If it was possible to get an upfront answer in the form of one simple
number, we'd just do that.

>> Yes, it will, if you mean clock domains. There needs to be a way to have
>> all timestamps related to frames in the same clock domain, of course. An
>> idea we also already discussed but didn't mention yet, is the
>> compositor to tell clients which clock domain it uses for all frame
>> timing purposes. Then clients can ask the current time directly from
>> the kernel if they need it, and relate it to the audio clock.
>
> Will the graphics card have its own clock, being used for scanout clocking.
> Can this be read by the user? Can it use that clock to timestamp the
> presented frames?

Sometimes yes, sometimes no - in which case the only useful answer is
for the GPU driver to convert to a common base like CLOCK_MONOTONIC.
In this case, it's either using its own calculations, or just taking
the simple approach of checking the clock when it gets a vblank IRQ.

> One of the problems with PCs is that the graphics card has its own clock,
> the sound card has its own clock, and the kernel has its own clock.
> The software then has to somehow match them all up.
> Embedded systems are generally better and can use the same hardware based
> clocking for graphics card and sound card and kernel clock.

Actually, they're much worse, since the clock domains are absolutely
huge, not necessarily static, and are constantly changing in reaction
to load, thermal constraints, etc.

Either way, I can't remember seeing one with the GPU and display
controller sharing a clock, let alone display controller and audio.

>> It is a good question, what does the requested presentation time
>> actually mean. Should the system guarantee, that the frame is already
>> on screen at that time, or that it is not shown before that time?
>> Luckily, the realized presentation time can be defined exactly, e.g.
>> the time when the hardware starts to scan out the new image. The
>> realized time is the one that matters, and the specific meaning of
>> requested time is not so important, since a client can adapt. No?
>
> The client can adapt so long as it known which clock domain each of the
> timestamps are in.

It's a slightly more subtle semantic question than that, though:
whether the extension is proposing 'not before' or 'not after'.
Personally, I'd shoot for the former.

>> Some GStreamer people have told me that they actually prefer to use the
>> audio clock as the master clock, and infer everything else from that.
>> Anyway, yes, clock domains are important.
>
> This method is not always best. Some sound cards are very bad at providing
> an audio clock.
> xine provides several different sync/clock methods so the user can select
> the best one for their hardware.

Either way, it doesn't impact on Wayland extension design.
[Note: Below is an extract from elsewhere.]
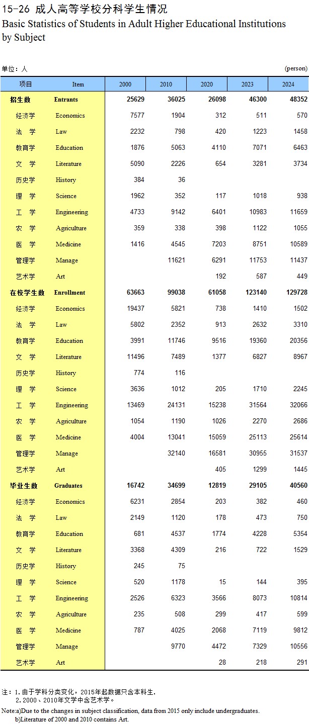15-26 成人高等学校分科学生情况

>> I would like to know if I have understood something wrong in this whole
>> video thing.
>
> I think how wayland can help provide the "deterministic" angle is not yet
> clear to me.

Nothing is deterministic.  Is your kernel scheduling your application
in time? And the compositor? Is your application actually in memory,
or are you frantically paging everything in? Has someone just blown
out the cache? Is your data actually streaming OK, or are you waiting
on I/O? Has someone just submitted a huge job to the GPU (which can be
as simple as texture setup) which is going to grief all its load? Did
a notification with an overlay just trigger and demote you from an
overlay to the GPU? Did the display controller hiccup for a frame
during a voltage/clock change? Did your constant frame submission
earlier run the system so hot it's throttled its clock down so far you
can no longer meet your frame deadlines?

There's no plan to provide an absolute hard ironclad guarantee on
scheduling, because all of these things are out of our control, and
most of them are fundamentally unsolvable.  What we're suggesting is a
two-part solution: before submission, allow applications to queue
(multiple) frames along with a list of target times which the
compositor will attempt (not guarantee) to meet; after submission,
tell the application when the frame was actually displayed, and allow
them to adjust their submission times accordingly.

Cheers,
Daniel